Find Solid Footing in a Shifting Career Landscape

By David Boggs, Practice Leader, WK Advisors

David Boggs

David Boggs

If you’ve read an article about careers lately, chances are it included terms like “changing landscape” or “seismic shifts.” Healthcare, education, and many other industries are in upheaval due to significant changes involving everything from legislative policy to technological advancements. It’s no wonder even seasoned executives may feel as if they are stumbling across unsteady ground, their career paths not as clearly defined as before.

But it is possible to maintain steady footing, no matter how industry trends and career expectations shift. People who thrive in changing times ensure their own professional growth and the success of their organization by remaining agile, open to learning what is necessary to function in new terrain. It’s important to make oneself an indispensible part of your organization’s future. What follows are five ways to do so:

1. Understand the landscape. Keeping abreast of the latest industry trends is essential. Feeling “in the loop” will boost confidence and ease the inevitable anxiety that comes with change. Plus, staying up to date will provide insights into how your skills can best be utilized, and what new skills you may need to attain.
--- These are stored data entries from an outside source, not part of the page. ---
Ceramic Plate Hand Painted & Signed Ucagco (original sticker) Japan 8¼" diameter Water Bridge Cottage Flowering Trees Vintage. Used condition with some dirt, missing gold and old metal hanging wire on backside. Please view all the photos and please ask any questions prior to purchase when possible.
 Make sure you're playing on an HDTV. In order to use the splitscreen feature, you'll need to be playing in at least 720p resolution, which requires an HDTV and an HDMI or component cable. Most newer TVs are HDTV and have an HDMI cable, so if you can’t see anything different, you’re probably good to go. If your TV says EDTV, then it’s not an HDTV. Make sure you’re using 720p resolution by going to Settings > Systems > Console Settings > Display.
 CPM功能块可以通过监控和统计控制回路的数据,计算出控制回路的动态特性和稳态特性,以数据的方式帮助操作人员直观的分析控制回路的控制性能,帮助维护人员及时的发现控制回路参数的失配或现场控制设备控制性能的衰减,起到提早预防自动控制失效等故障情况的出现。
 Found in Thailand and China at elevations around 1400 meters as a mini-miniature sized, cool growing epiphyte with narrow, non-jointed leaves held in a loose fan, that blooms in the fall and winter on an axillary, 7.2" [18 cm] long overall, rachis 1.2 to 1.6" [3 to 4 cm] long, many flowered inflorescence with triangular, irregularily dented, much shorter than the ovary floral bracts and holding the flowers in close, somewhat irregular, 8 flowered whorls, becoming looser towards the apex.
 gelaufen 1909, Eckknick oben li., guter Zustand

Schedule time each week to read industry publications and websites, as well as general news outlets and social networking groups (see #2). Apply what you’re learning within your organization to ensure its continued success and to demonstrate your capacity to evaluate and utilize new approaches.
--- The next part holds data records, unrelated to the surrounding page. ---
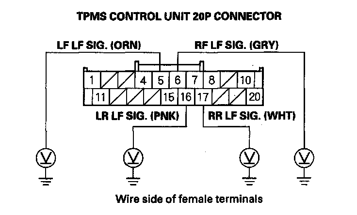 21. Measure voltage between body ground and the appropriate TPMS control unit 20P connector terminal (see table).
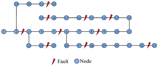 As shown in Figure 9, ten branches (such as 2, 5, 8, 13, 15, 18, 21, 24, 27, 32) are researched, and simulate the single-phase ground fault occurring in each of the three phases A, B, and C of each branch, respectively, with fault resistance ranging from 50 Ω to 200 Ω. Within 0.2 s after the fault, the voltage and current amplitudes of each node and the zero-sequence voltage and current amplitudes are taken to form the node characteristic data X, with a dimension of (33, 8). Each branch is simulated 100 times for each phase fault situation, totaling 3000 sets of fault characteristic data. While obtaining the feature matrices of each node, the graph structure data G of the distribution network topology and the associated fault labels T are recorded, together forming a single fault data entry. Since the proportion of fault data in reality are small, when constructing the dataset, normal operation and fault conditions are simulated and summarized at a ratio of 9:1. Finally, the dataset is divided into training, validation, and testing sets at a ratio of 8:1:1.
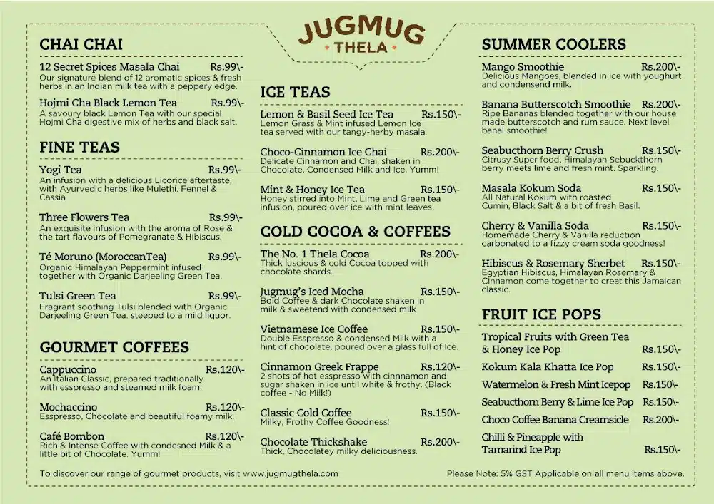 No matter whether your partner loves to hangout at an indoor seating space or an outdoor restaurant, Jugmug Thela has it all.
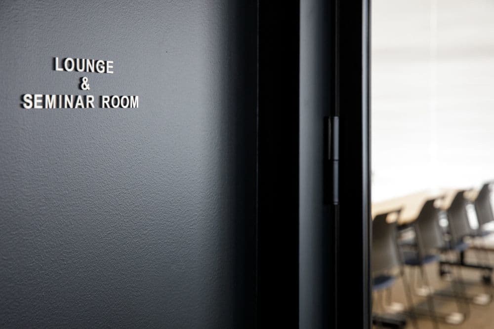 イベントやセミナー開催のために設置したLOUNGEスペース。様々な情報を多くの人と共有することで、コミュニケーションの活性化を図る場所です。
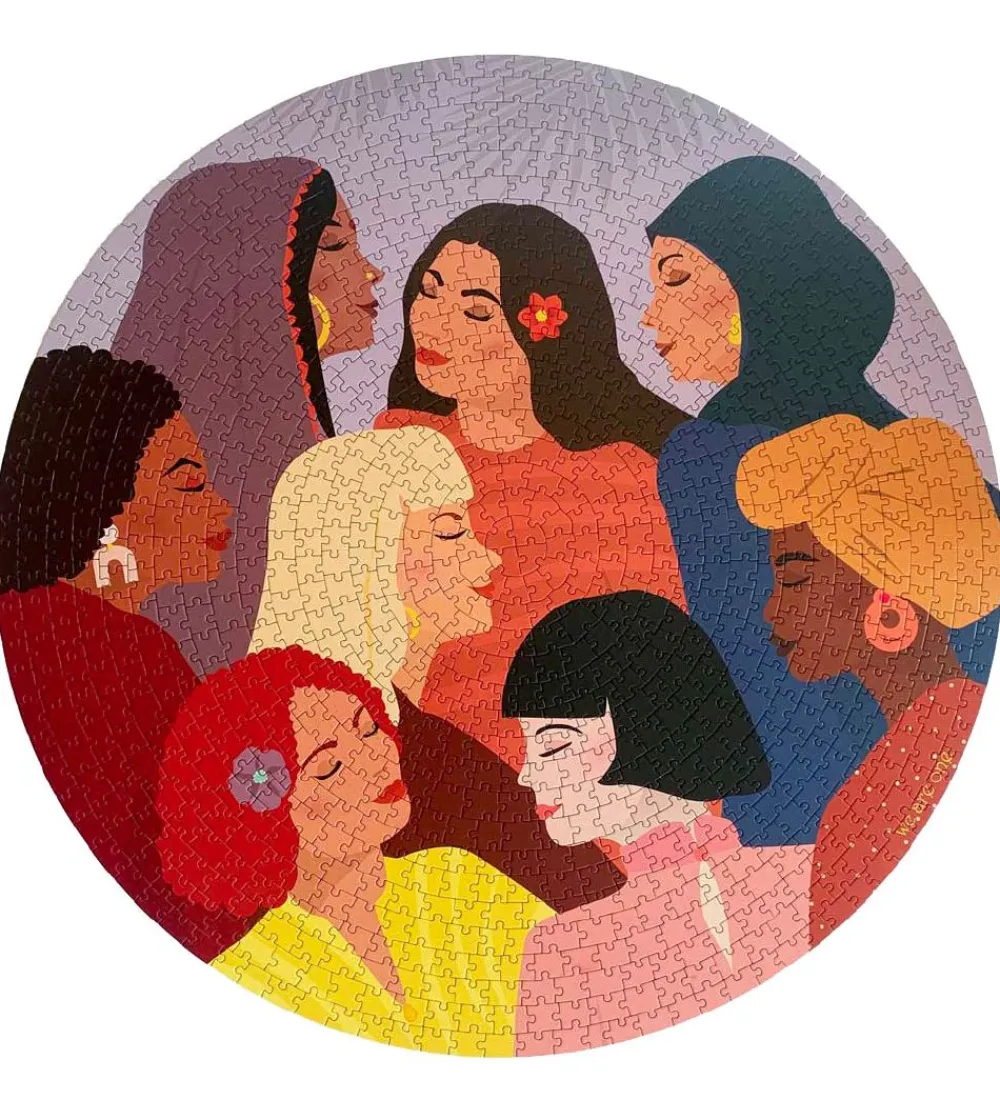 Flot Vissevasse puslespil med et motiv af otte kvinder fra forskellige kulturer i dæmpede farver.
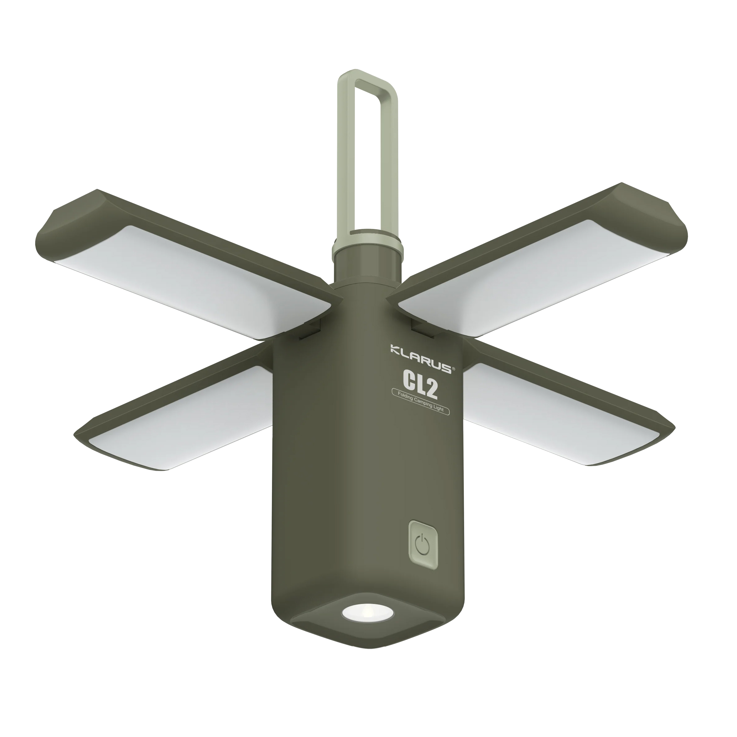 Skládací kempingová svítilna je vybavena 4 LED panely o maximální světelném výkonu 750 lumenů, které jsou samostatně polohovatelné až o 90°, díky čemuž lze libovolně měnit směr osvětlení a tím se vyhnout nepříjemnému oslnění nebo rušení okolí. Díky variabilitě rozkládání a praktickému držadlu lze svítilnu jednoduše zavěsit ve stanu nebo třeba umístit na stůl.

Make a habit of sharing the knowledge you’ve gained. Write articles, make presentations, serve on panels, write a guest blog. Publicly sharing your expertise boosts the confidence others have in your ability to understand industry changes, and in your willingness to find new and creative solutions to problems.

2. Never travel alone. One of the best ways to keep up with the sometimes dizzying pace of industry change is to network with others in similar positions. Use sites such as LinkedIn to connect with executive peers and professional groups. Of course, nothing beats face-to-face networking when it comes to support and learning. Attend conferences or industry association meetings when possible. Within your organization, look for colleagues (even younger) from whom you might learn something new.
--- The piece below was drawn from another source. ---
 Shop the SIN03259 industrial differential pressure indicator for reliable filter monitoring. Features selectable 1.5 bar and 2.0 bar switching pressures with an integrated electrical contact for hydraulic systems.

3. Learn survival skills. Think of attaining new skills as the key to your professional survival. Whether you need to master the latest software or comprehend complex legislation, gaining new competencies will ensure your continued relevancy.

The first step is to honestly assess your skills and knowledge base. Take a look at the past year: Where did you succeed? How could you have improved? Today’s executives are often expected to have a breadth of expertise, from finance to management skills. In which areas could you shore up your knowledge?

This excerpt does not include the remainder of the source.